Primary synovial sarcoma on MRI - a case series and review of the literature.
Purpose: Simple MRI features are mandatory to facilitate the diagnostics of synovial sarcomas, especially for radiolo-gists outside multidisciplinary sarcoma centres. In this case-series and review, we investigate the main appearance of synovial sarcoma on MRI.
Material and methods: Fifteen histologically proven primary synovial sarcomas who underwent MRI at 2 different sarcoma centres were included in this case series. Patients and their primary synovial sarcomas were examined for age, localization, mean tumour size (in mm), histological grade (G - according to the Fédération Nationale des Centres de Lutte Contre Le Cancer [FNCLCC]), configuration, T2 signal intensity, presence/absence of "triple sign", heterogeneity/homogeneity, borders (well-defined or infiltrative), and intensity of contrast enhancement on MRI. Additionally, a comprehensive literature review to identify observational studies, reviews, and case-reports assessing MRI features of primary synovial sarcoma was performed.

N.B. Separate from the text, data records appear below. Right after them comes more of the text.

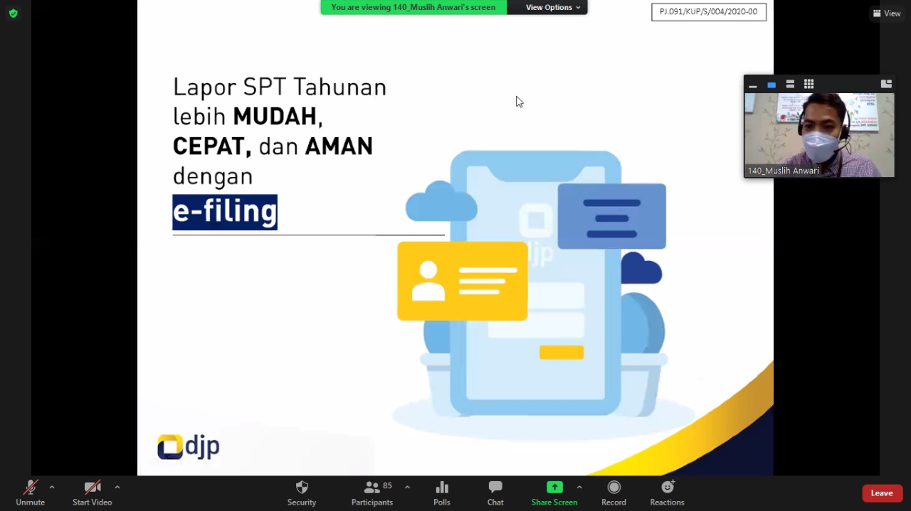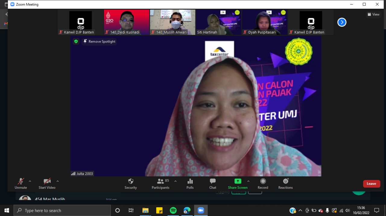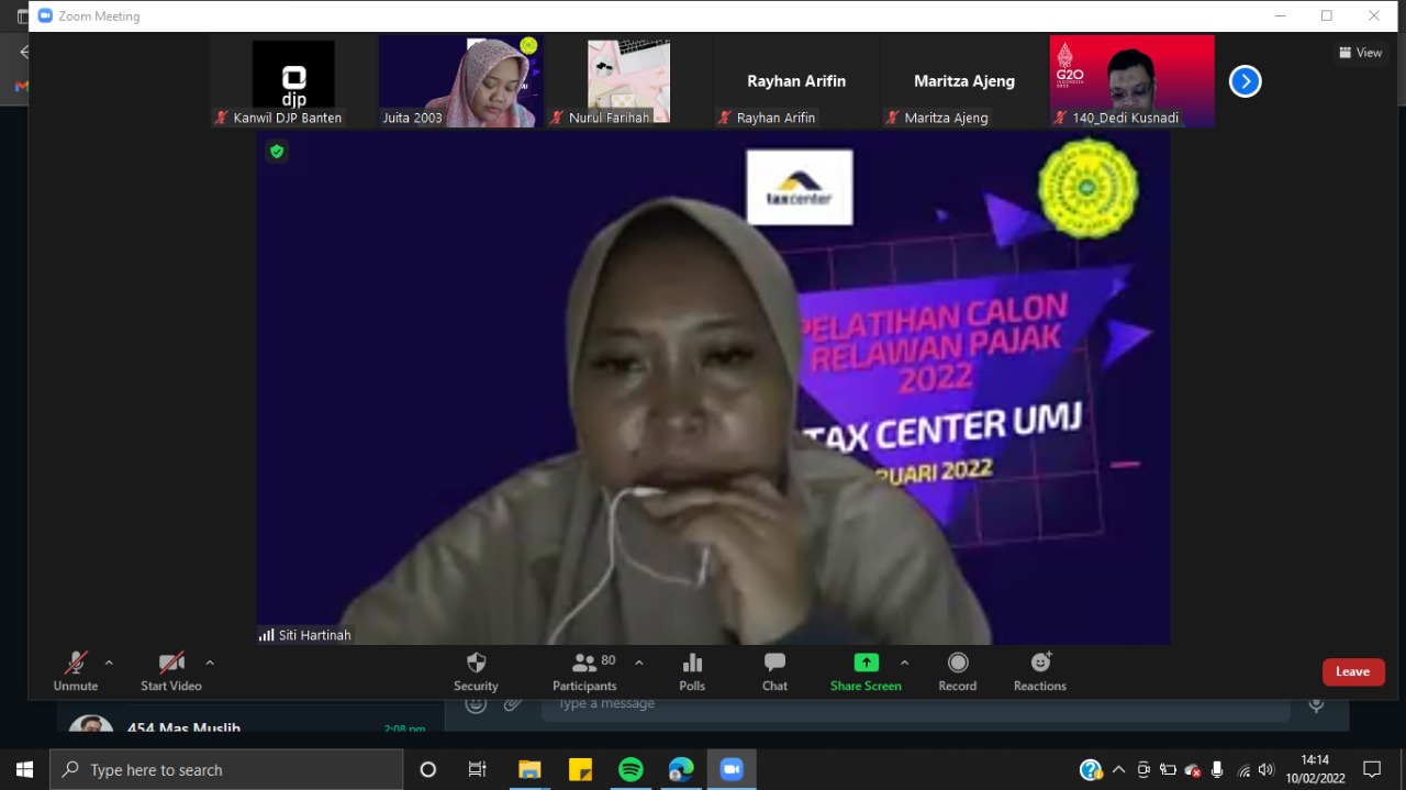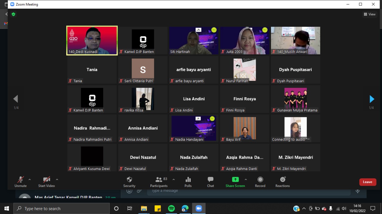 Kantor Wilayah DJP Banten bersama Tax Center Universitas Muhammadiyah Jakarta (UMJ) melakukan kegiatan pembekalan kepada relawan pajak secara daring melalui aplikasi zoom cloud meeting di Kota Serang, Banten (Kamis, 10/03).
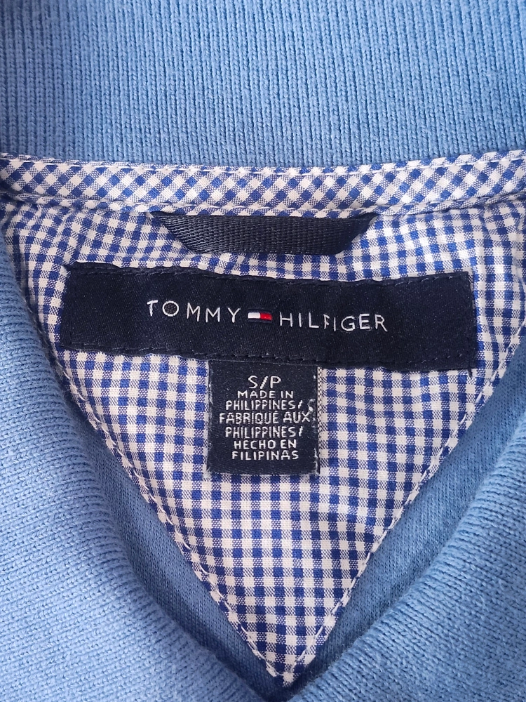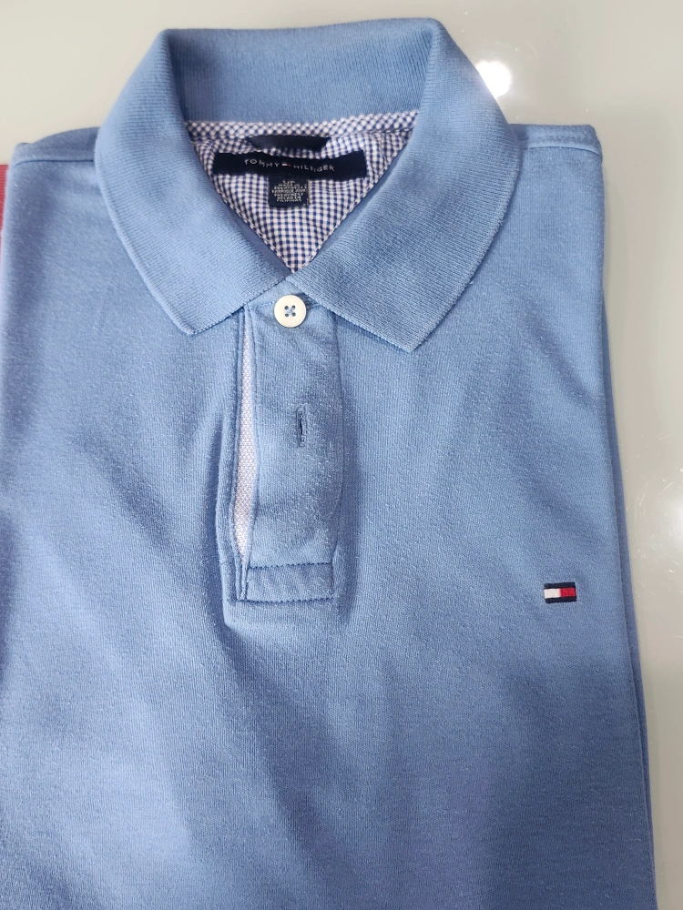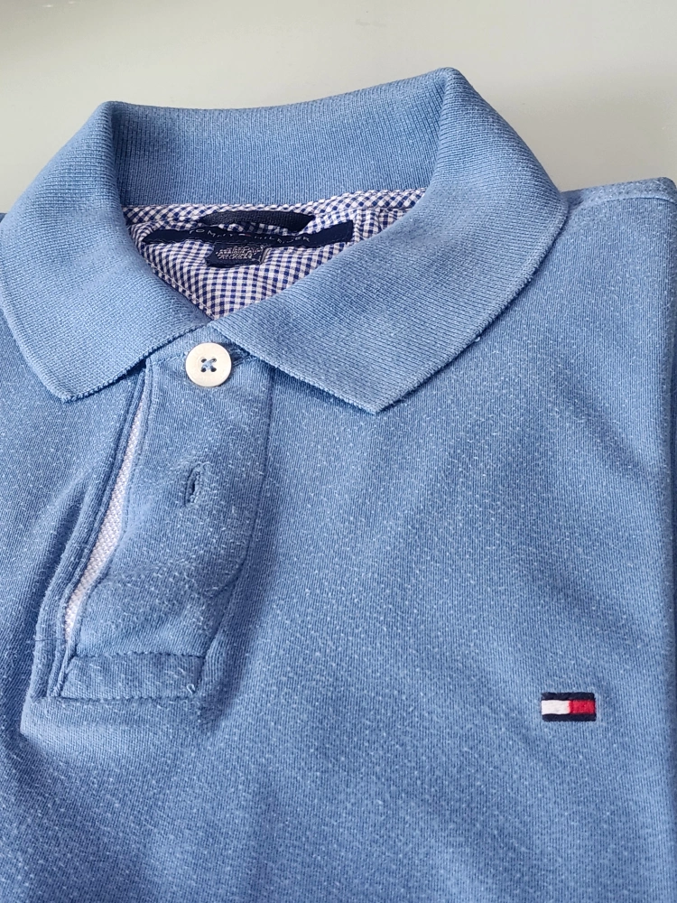 Tommy Hilfiger polo shirt in size small! It's a light blue colour and in great condition. Perfect for a casual day out or dressing up a bit.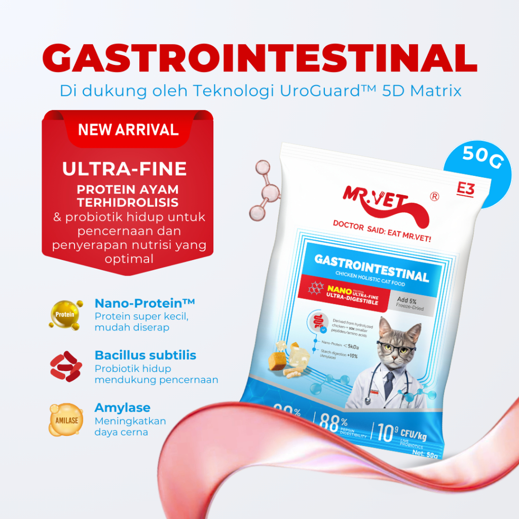 Makanan Kucing Kering E1/e2/e3 50g New Formula Mr. Vet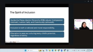 - Nordiana Zakir, Ph.D. (University Brunei Darussalam) sebagai narasumber utama, memaparkan konsep inclusive early childhood education dengan menekankan pentingnya pelatihan guru untuk mengenali dan mengakomodasi perbedaan individu pada anak.

Results: The mean age of the patients was 47.6 years (SD: 17.2). The mean size of primary synovial sarcoma was 59.3 mm (SD: 42). Primary synovial sarcomas were significantly most often multilobulated (n = 12, p < 0.01), heterogeneous (n = 10), and infiltrative (n = 9). Additionally, 3 other primary synovial sarcomas showed the following configurations: ovoid/nodular (n = 2) and fascicular (n = 1). Ovoid/nodular synovial sarcomas were solely depicted as homogeneous with well-defined borders. All tumours showed T2 hyperintense signal and presented with marked contrast enhancement.
Conclusions: Primary synovial sarcomas are mainly multilobulated, heterogeneous, and infiltrative tumours. In minor cases, ovoid/nodular or fascicular configurations occur. Knowing the main appearance of synovial sarcoma can help facilitate the diagnostics of primary synovial sarcomas.